The ringgit is back on track after several years of significant weakness. Last year, the value of SGD was so high that SGD 1 was equal to RM3.50, far higher than the normal 1:3 level that had lasted for many years.


Now, the ringgit has risen back to RM3.17, signaling the possibility that we will return to the normal 1:3 ratio.


The previous weakness of the ringgit occurred due to two main factors.


First, the United States aggressively raised interest rates, causing global investors to shift funds to USD, thus weakening the ringgit and having a slight impact on Malaysian exports.


Second, Malaysia's unstable politics after the general election saw no clear Prime Minister, thus increasing economic uncertainty and deterring investors from making decisions. The combination of these two factors pushed the ringgit to its weakest level in several years.


Since mid-2024, Malaysia has entered a new phase of greater stability. Politics is stronger, the economy has recovered more than expected, and major projects such as the Johor–Singapore Special Economic Zone have been launched, sending positive signals to investors.


Malaysia also received global praise after hosting the ASEAN Summit 2025, which boosted international investor confidence. This contributed to the natural strengthening of the ringgit.


Although the ringgit strengthened, it was actually just a price correction back to normal levels.


The exchange rate baseline for many years has been between RM2.95 and RM3.10 for each SGD. The previous phase of RM3.40–3.50 was unusual and could be considered a ‘honeymoon’ for Singaporeans. Therefore, the current appreciation of the ringgit is normal and healthy, not an unusual phenomenon.


Can the Expectation of 1 SGD = RM4.00 Happen?


For those hoping for 1 SGD to be equal to RM4.00, that possibility is quite unlikely at the moment.


Such an exchange rate only occurs during major shocks, such as aggressively raising US interest rates or political instability in Malaysia. Instead, a more realistic target is to maintain the rate around 1:3.

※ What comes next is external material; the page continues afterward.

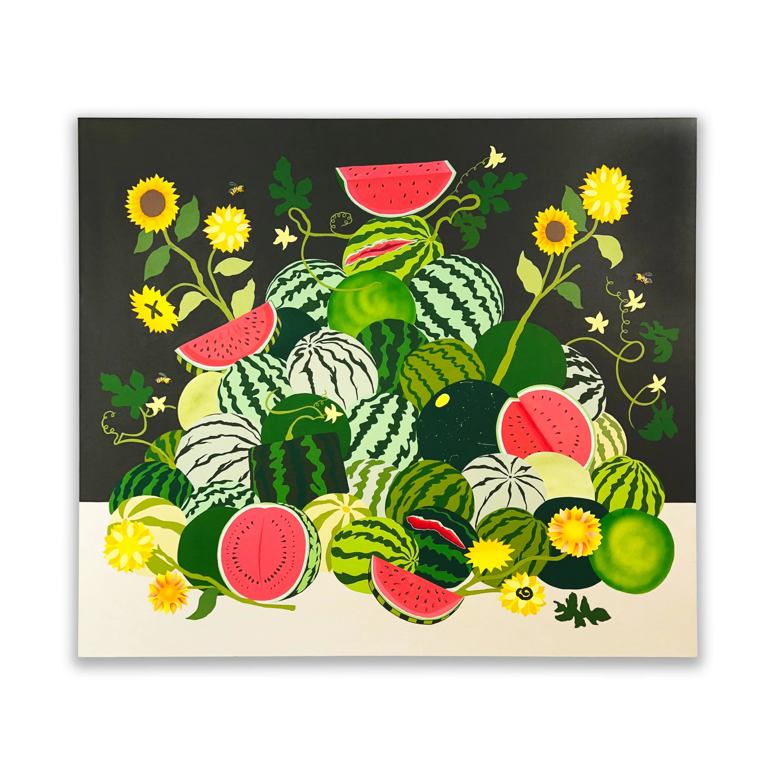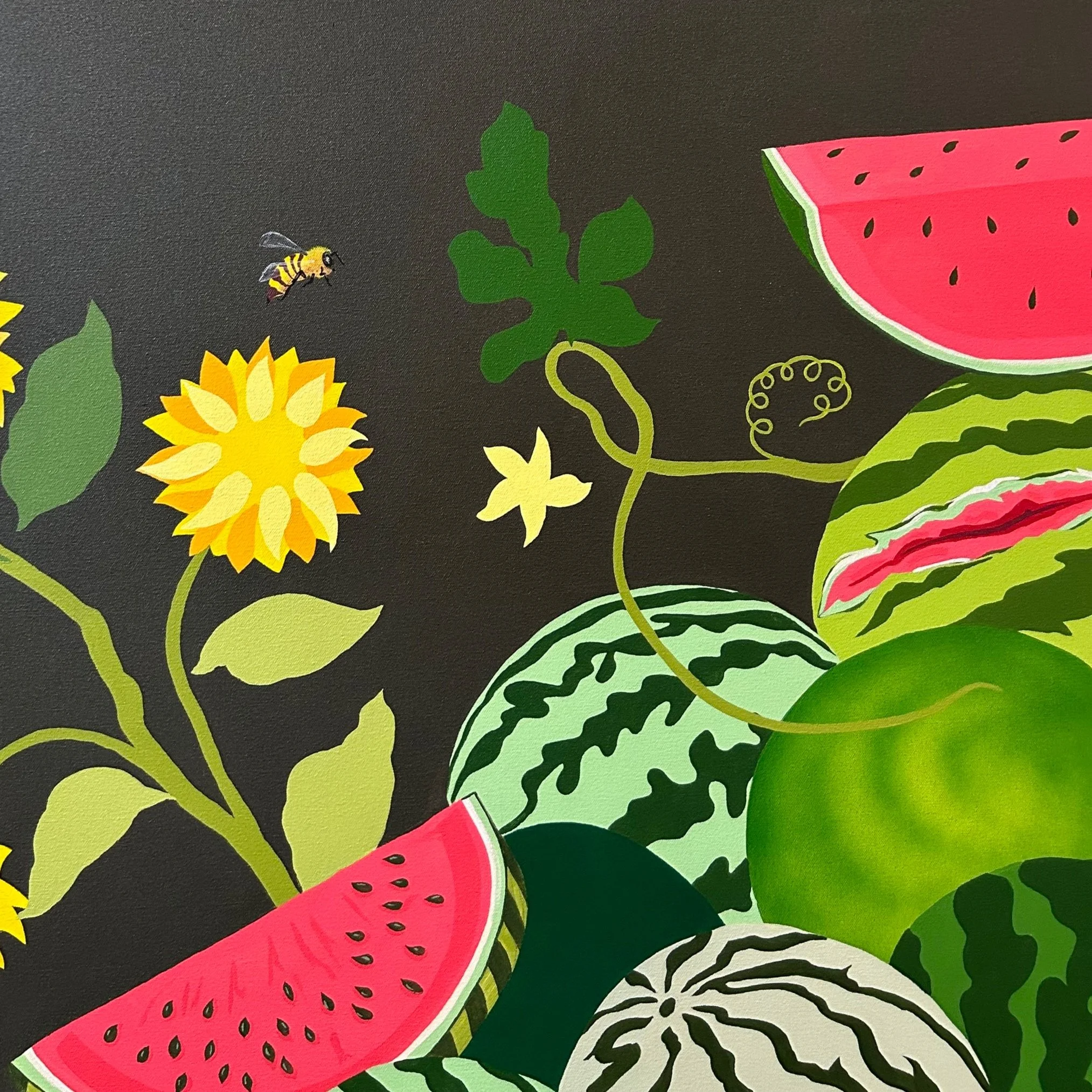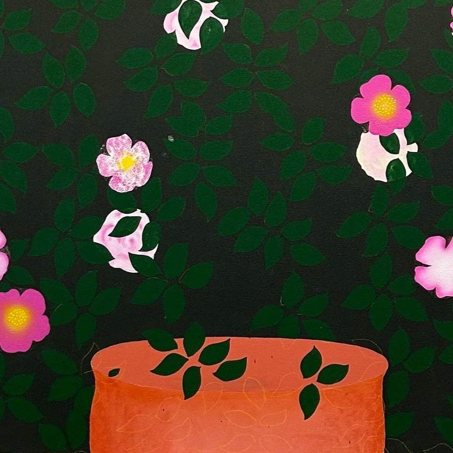 “Green Thumb, a visual exploration where the boundaries between nature, art, and everyday design blur into a vibrant tapestry of color and form. This new body of work delves into the world of flowering vines and fruit bowls adorned with blooms, drawing inspiration from the rich tradition of European still life masters and the precision of scientific illustration.

If the ringgit continues to strengthen too much, it could also have several side effects.


Singaporeans may find it less worthwhile to come to Malaysia for shopping or tourism, while Malaysians may be less interested in working in Singapore despite the high salaries on offer.


The rise in the ringgit against the SGD is not an unusual phenomenon or something amazing. It is simply a price correction after the ringgit has been depreciating for more than a year. Malaysia is now more stable, the economy is recovering, and investors are starting to regain confidence, making the ringgit strengthen to normal levels again.